If our node has no left child, then we have found the smallest value on the right hand side of the node with the value we are removing. We save the item of the smallest node as this will be our replacement.

If the node with the smallest value has a right child, then we need to repeat the process. This is like finding a replacement for the replacement.

Otherwise, we eliminate the value from the smallest node and return. The previous function calls either to remove smallest or remove will clean up by pruning.

[Slide 37]

Now that we have built up the supplementary functions we can get to the main remove function. We will work through this piece by piece.

[Slide 38]

In the else block, we are traversing through the tree to get to the node with the value. If we ever get to a point where say the value is less than our node but the node has no left child then we return false because the value is not in our tree then.

[Slide 39]

Once we find the value, we break into the three cases we explored.
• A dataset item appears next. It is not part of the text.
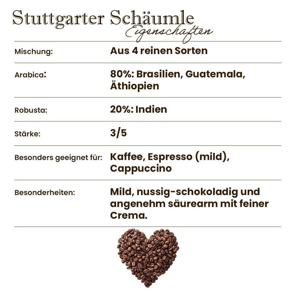 Das Stuttgarter Schäumle ist ein milder Kaffee mit geringer Säure, der den Magen schont und dennoch mit einem ausgewogenen, aromatischen Geschmack überzeugt. Genau diese Balance macht ihn zum All-Rounder unter unseren Kaffees – ideal für alle, die es gerne etwas sanfter mögen, ohne auf Genuss zu verzichten.

First, if the node is a leaf, we set the items value to none and then the previous recursive calls manage the pruning.

[Slide 40]

If the node does not have a right child, then we find the smallest value to be a replacement for the value. Then we clean up by pruning the left side. Finally, as we saw in our second example, we have to switch the nodes left child to the right child.

[Slide 41]

Then the last case was that we do have a right child. This could be the case that we have two children or just the right children. We find the smallest value of the left child and have that replace our value. Finally we clean up by pruning the right side.